**Work item**. Count how many lines of the data include "several". The answer is that number and nothing else.

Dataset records

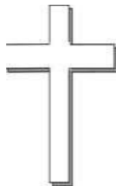
Kingdom Of God On Earth
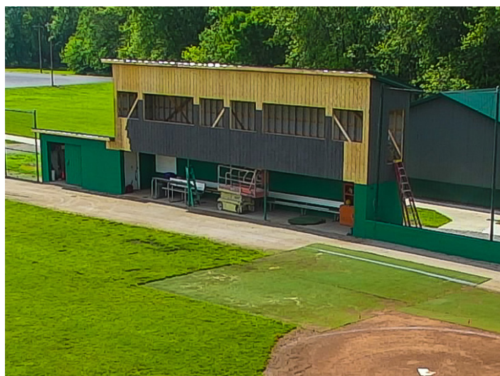
Construction work is ongoing to build a new press box at Parker Field. The project is one of several recent projects at LTC's baseball facility.
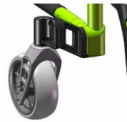
Expansion kit, designed for hemiplegic users
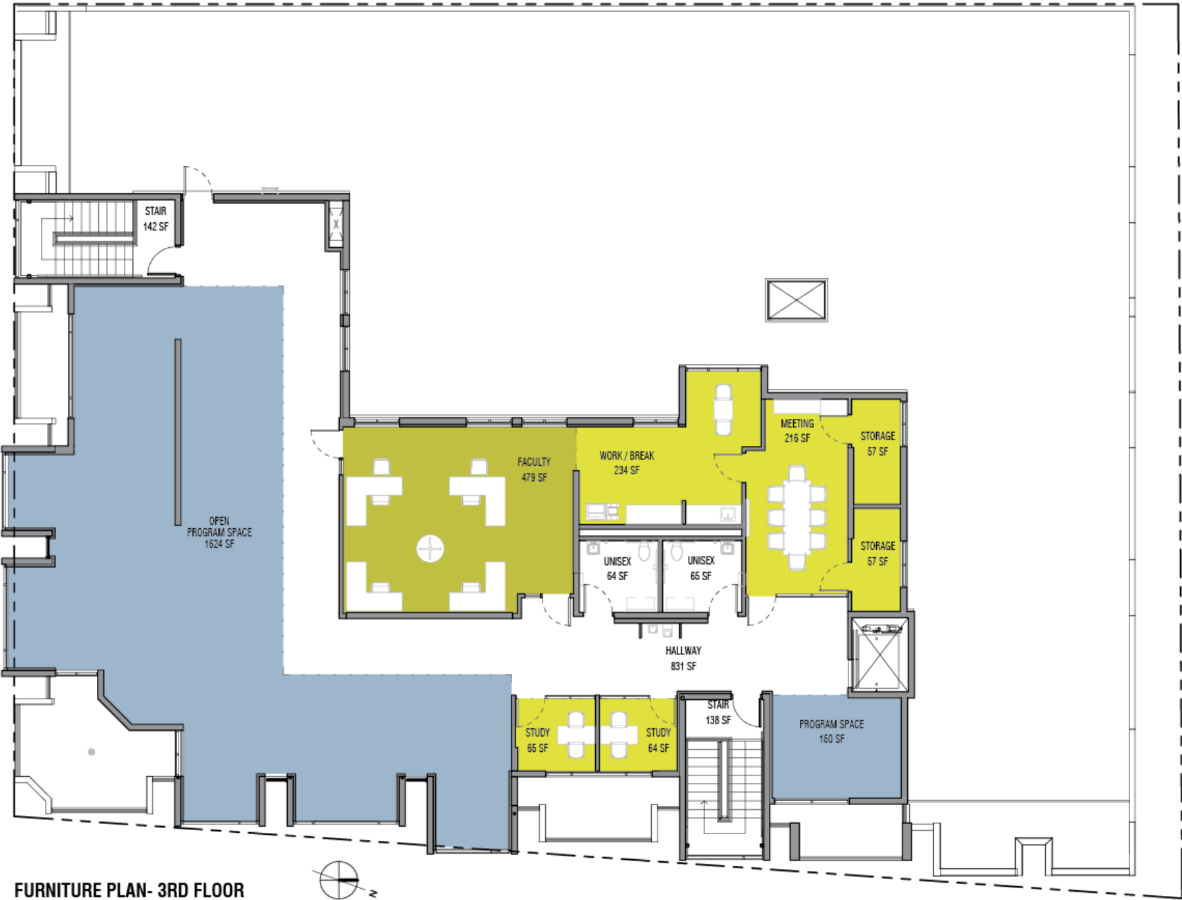
FURNITURE PLAN- 3RD FLOOR
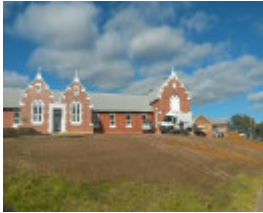
Main facade in July 2018
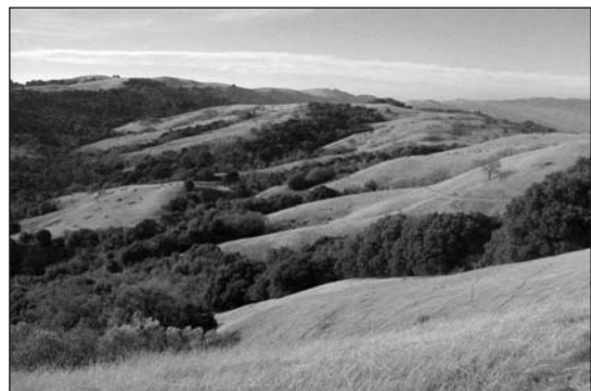
Monte Bello Open Space Preserve

Created in 1972, the District is an independent special district that has preserved over 57,000 acres of public land and manages 26 open space preserves. The District's boundary extends from San Carlos to Los Gatos and to the Pacific Ocean from south of Pacifica to the Santa Cruz County line. The District's purpose is to create a regional greenbelt of unspoiled public open space lands in order to permanently protect the area's natural resources and to provide for public use and enjoyment.
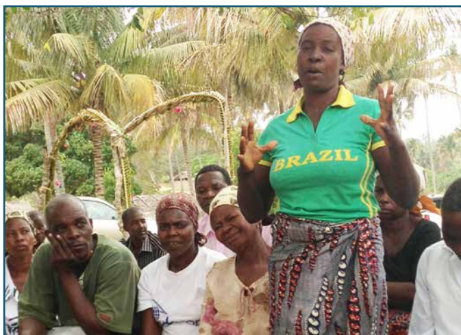
Women actively participated in community by-law meetings in Mata.

While investigating the reasons for the weak enforcement of women's land rights, CTV identified a critical gap in the rule-drafting process: the Customary Tribunals ( Tribunais Costumarios ) were not adequately involved in the rule-drafting process. The Tribunals are the customary dispute resolution forum. Because CTV had inadequately involved the Tribunals in the discussion and adoption of the community's rules, the Customary Tribunals were continuing to use the 'old' rules, rather than the new norms agreed by the community after months of participatory discussion and revision. Because they did not incorporate the new rules into their decisions or punish people who violated them, the Customary Tribunal's decisions were seriously undermining the effectiveness and perceived legitimacy of the new rules.
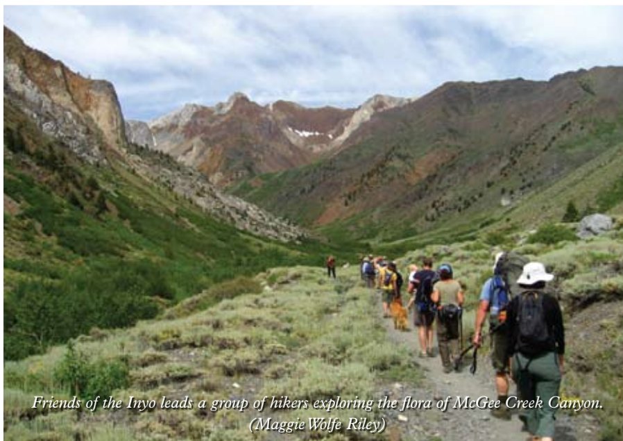
Friends of the Inyo leads a group of hikers exploring the flora of McGee Creek Canyon.
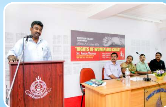
Department of Politics
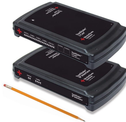
12-zone SunDialer ® I-Con ® with sensor ports and SunDialer IP Interface
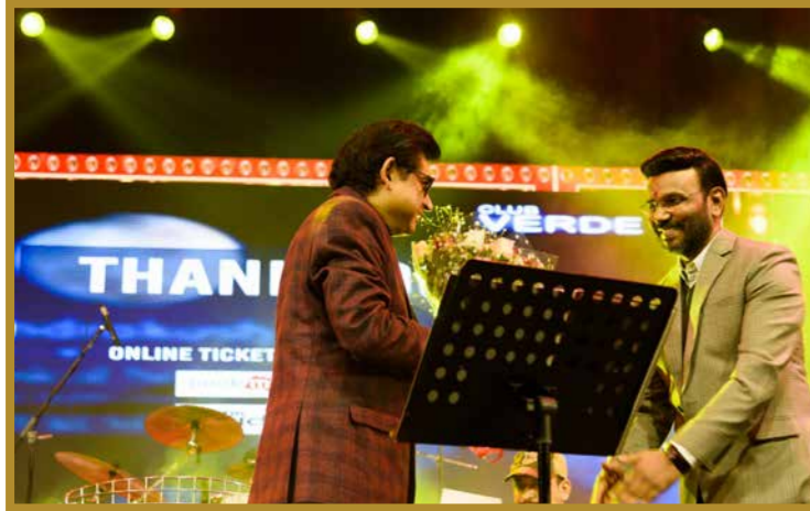
Chandrakosh - a Musical Soiree at Club Verde featuring Amit Kumar had an overwhelming response from the members and their guests.
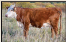
YV 22F, GRANDDAM OF 102M

102M is a proud, smooth-made bull with a lot of good in his pedigree. His sire, YV 38K, was used as a yearling bull showing a lot of promise at a young age. 102's maternal brother was purchased in our 2025 sale by Bob Earl who has a good eye for quality cattle.
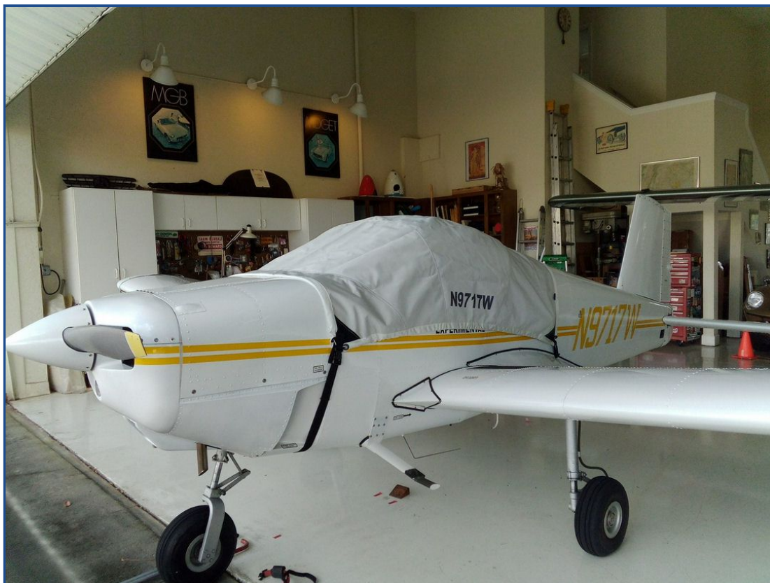
Thorp Sky Scooter T211 Canopy Cover
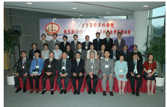
A group photo of the Ministry of Health's delegation with the representatives from our College.
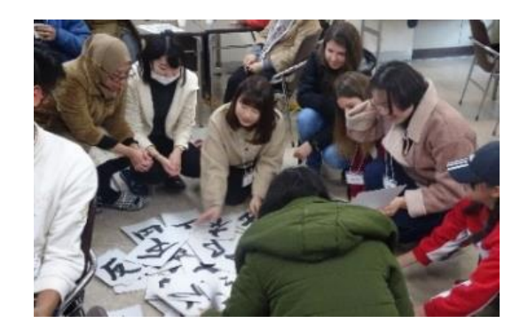
Engaging in exchange activities with foreign students in Yamaguchi.
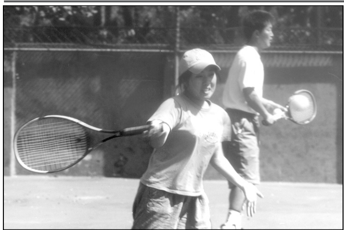
Two Japanese players, who will take part in the ITF Junior Tennis Championships, practising at the Ramna Tennis Complex yesterday.

In reply, the CCS were all out for 96 runs in 19.4 overs.
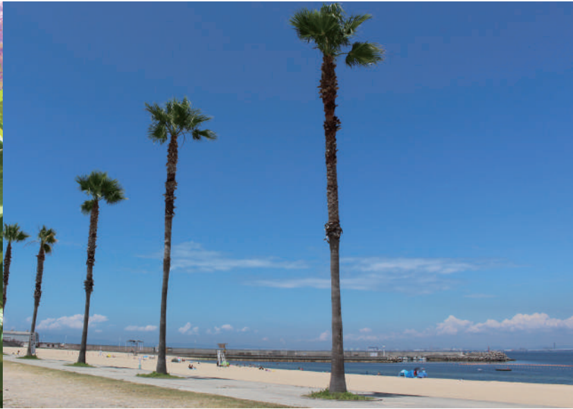
6. Tarui Southern Beach

4. The largest fireworks show in western Japan. The sparkling buds of fireworks above Osaka Bay are a must-see.
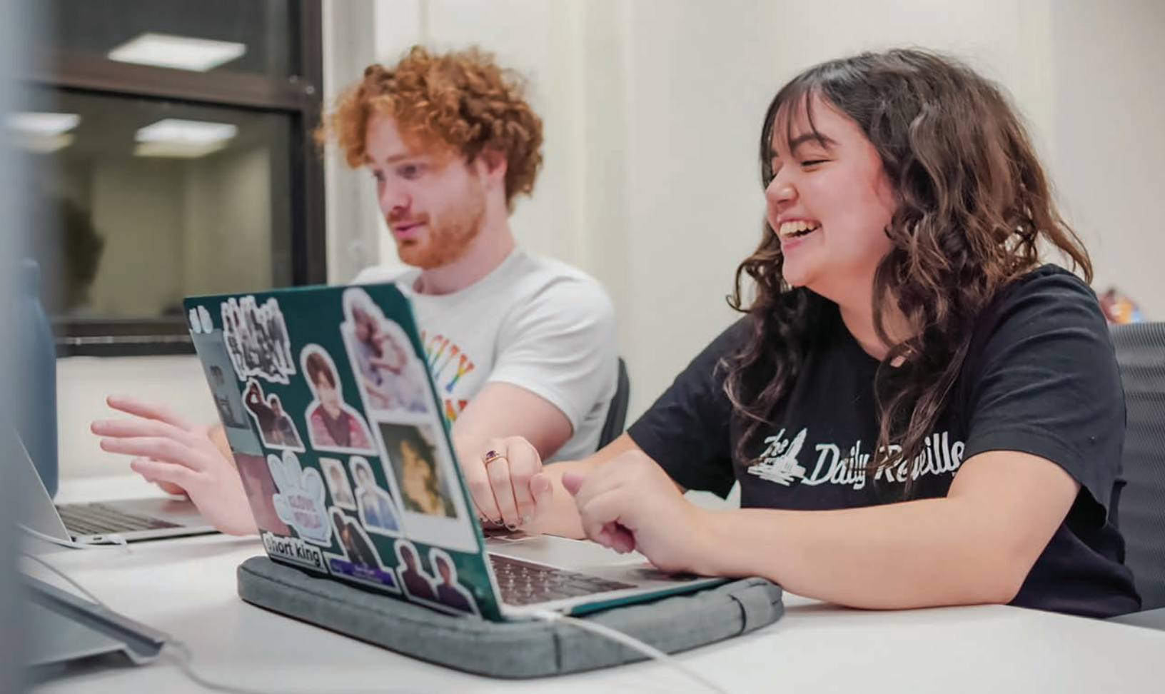
(Above) Reville reporters working in the newsroom.
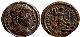
647 Roman Imperial coin 19mm 1,94g
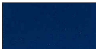
105P Midnight Blue
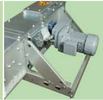
Direct-mounted gearbox motor with support frame.
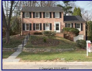
8203 Jeb Stuart Rd Close Date 5/28 $628,030
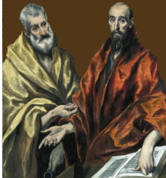
El Greco St Peter and St Paul Nationalmuseum Stockholm, Sweden

St. Paul, although not part of the Twelve, was instrumental in spreading the teachings of Jesus in the first-century and founding several Christian communities in Asia Minor and Europe.
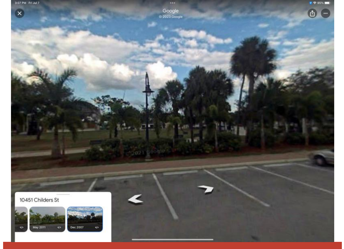
Riverside Park (2020)
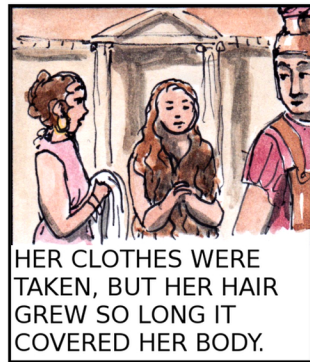
HER CLOTHES WERE TAKEN, BUT HER HAIR GREW SO LONG IT COVERED HER BODY.
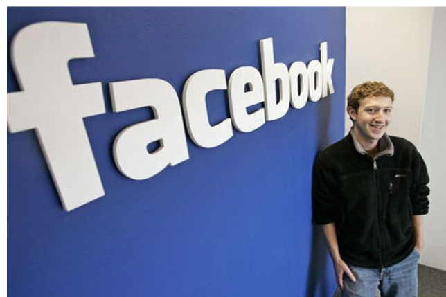
Figure-3 Facebook Inc.

Facebook: Facebook is a social network service and website launched in February 2004 that is operated and privately owned by Facebook, Inc. i.e. figure-3.
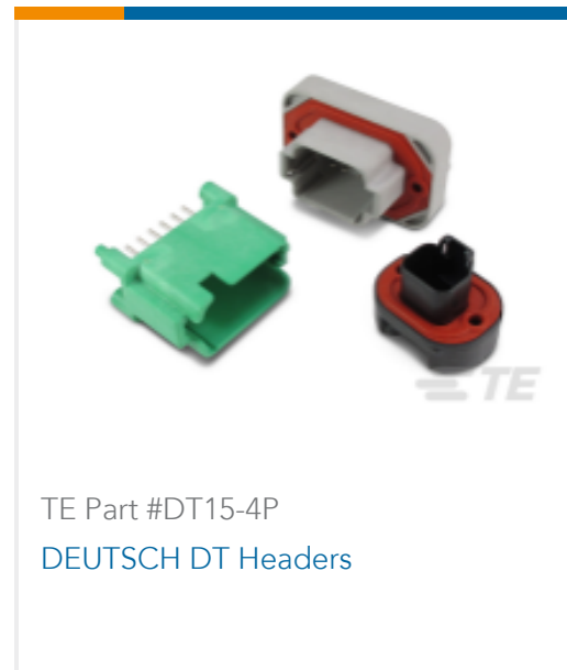
TE Part #DT15-4P DEUTSCH DT Headers
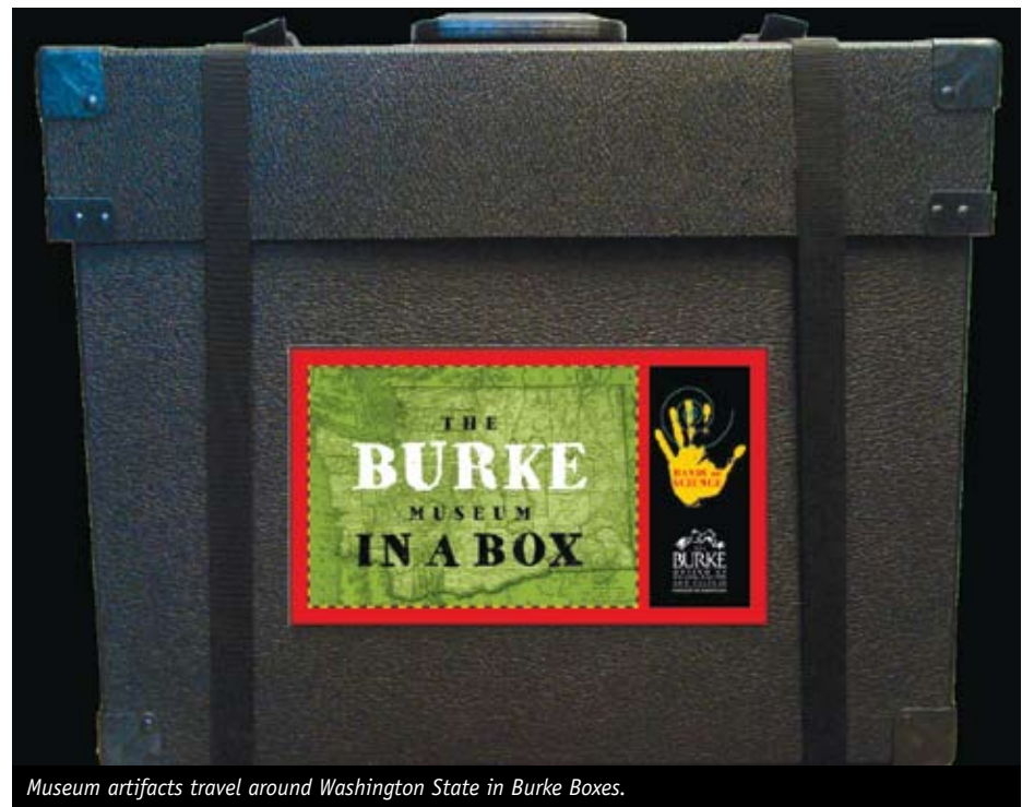
Museum artifacts travel around Washington State in Burke Boxes.

As curriculum and teaching methodologies have changed, the museum resources have been updated and restructured to serve students and teachers more effectively. The most recent major renovation to the original "Traveling Study Collections" program

**Response for this exercise**. 2